Remember that coding should be done in Spyder using the understandinggis virtual environment. If you want to install the environment on your own computer, you can do so using the instructions here.

You do not have to run every bit of code in this document. Read through it, and have a go where you feel it would help your understanding. If I explicitly want you to do something, I will write an instruction that looks like this:

This is an instruction.

### Shortcuts: Part 1Part 2

In which we learn to determine whether or not something is visible, as well as speed up our raster processing by replacing geometry with simple graphics algorithms.

# Part 1

Last week we began our examination of raster data formats through the creation of a simple flood-fill algorithm. This week we will extend this and learn to calculate visibility - i.e. whether or not something is visible from a given location. Visibility analysis is extremely common in GIS, which makes it all the more surprising how little it is understood by GIS practitioners and decision makers!

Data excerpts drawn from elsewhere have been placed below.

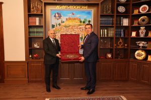 Belediye Başkanı Savran, Yıldırım’a Nevşehir Belediyesi’nin hayata geçirdiği ve devam eden çeşitli projeleri hakkında bilgi verdi. Başkan Savran, ziyaret anısına Yıldırım’a hediye takdiminde bulundu.
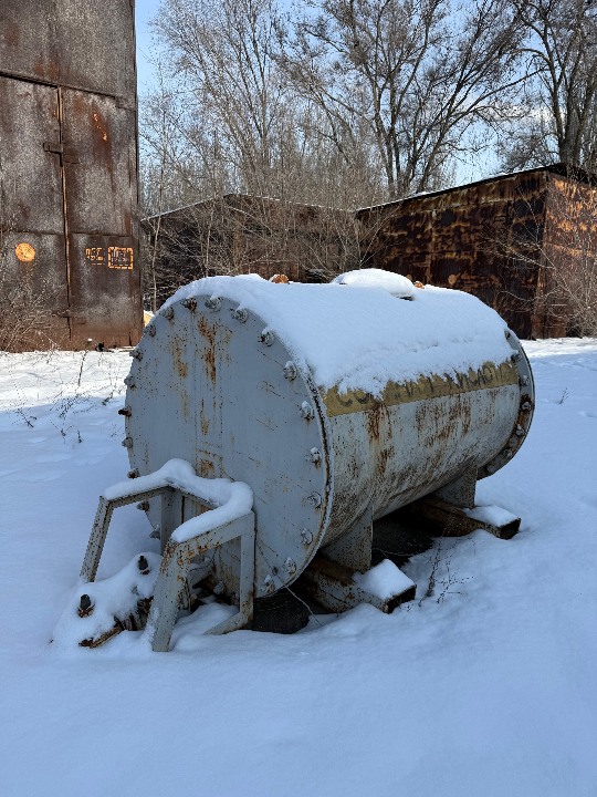Модель невідома, рік випуску невідомий, технічний стан невідомий, майно перебуває у стані, що потребує ретельної дефектоскопії (особливо внутрішнього захисного шару) перед подальшим використанням, зовнішній вигляд свідчить про низький рівень поточного технічного обслуговування. зберігається на промисловій ділянці.
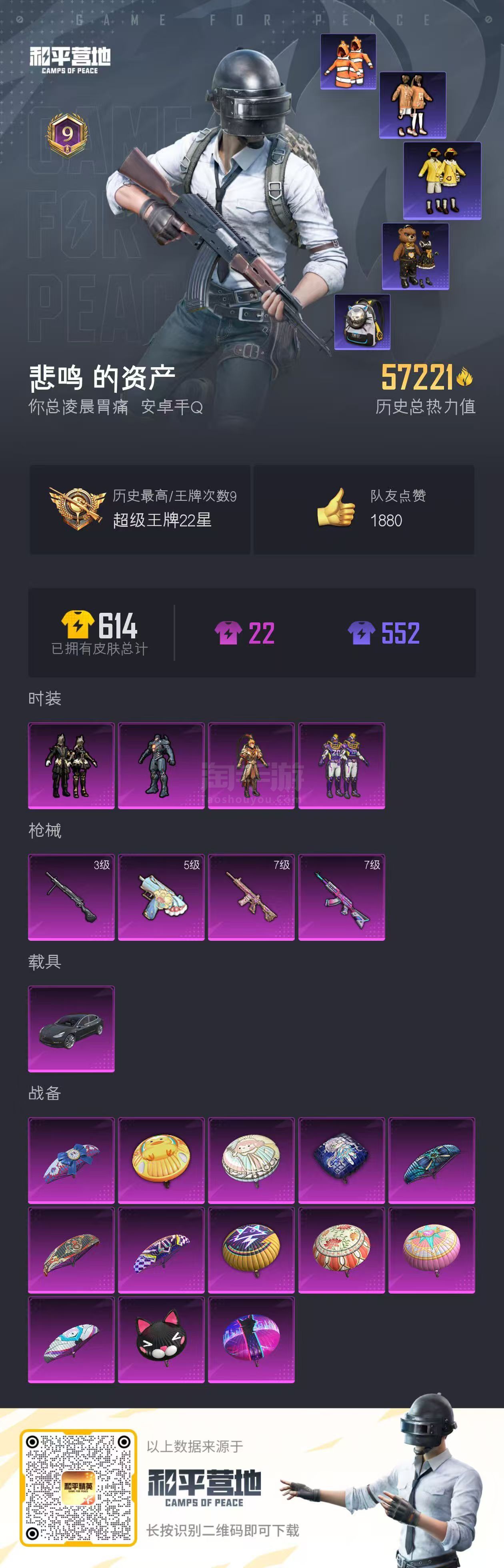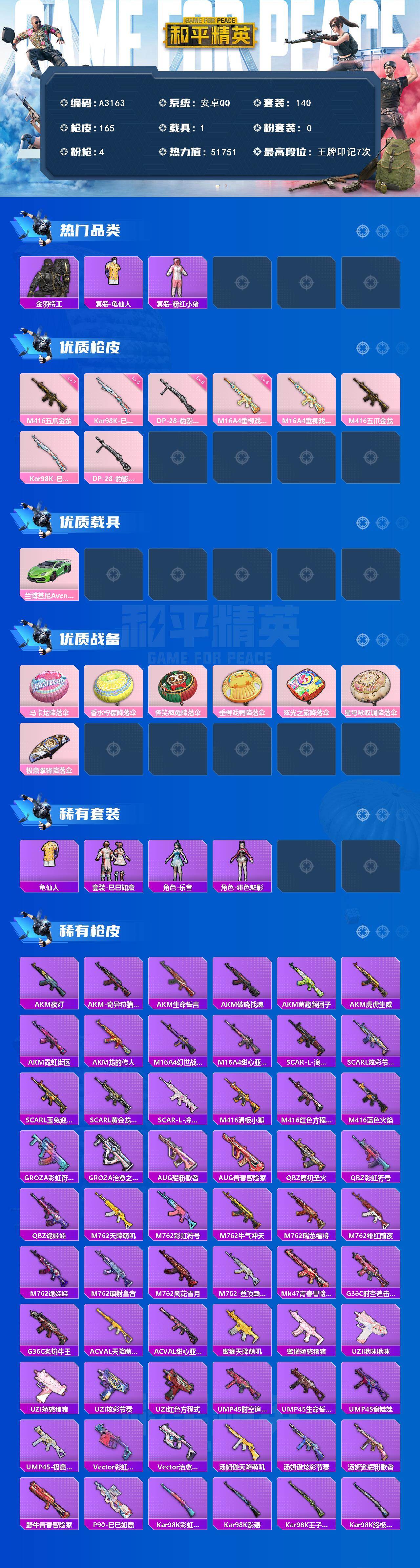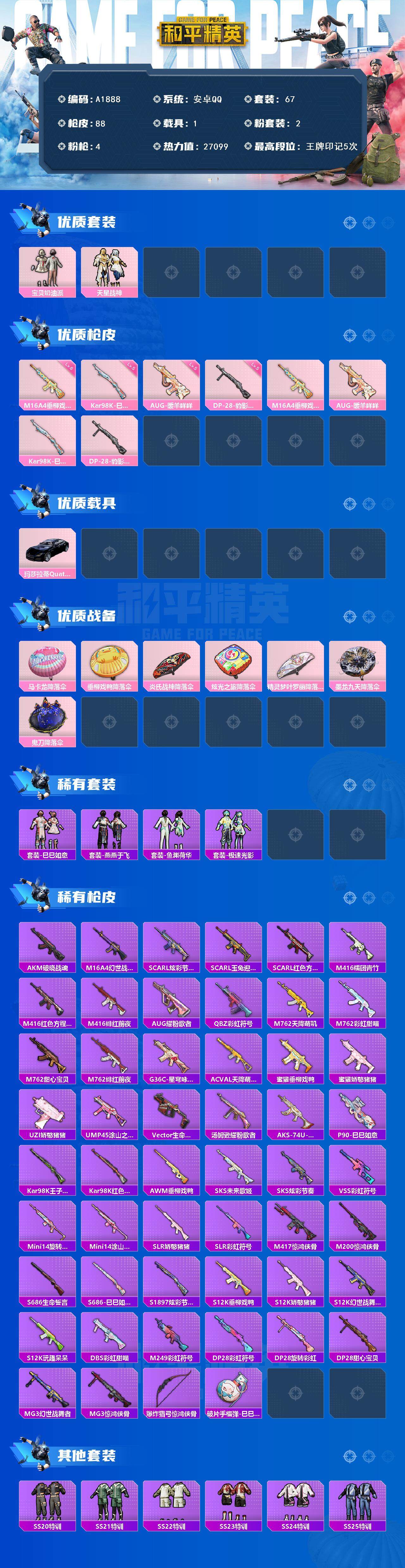 安卓Q-1稀有1载具2粉装4特效枪10热门85套装111枪皮 1印记 历史超级王牌

One of the interesting things about visibility analysis in GIS is that there are a great deal of different approaches to it, with varying levels of accuracy and speed. A comparison of some common approaches is given by Kaučič and Zalik (2002). This week, we will be using a simplified version of a Viewshed algorithm(written by Jonny Huck) to make it run faster, which is similar to the 8WS approach described in the paper.

One of the key features of this approach is that we will once again exploit working in image space in order to allow us to replace complex geometric calculations with simple graphics algorithms in order make our code more efficient (just as we did with the flood fill algorithm last time). Many of these algorithms were created in the early days of computer graphics, and so are designed to be extremely efficient (as computer power was so limited at the time).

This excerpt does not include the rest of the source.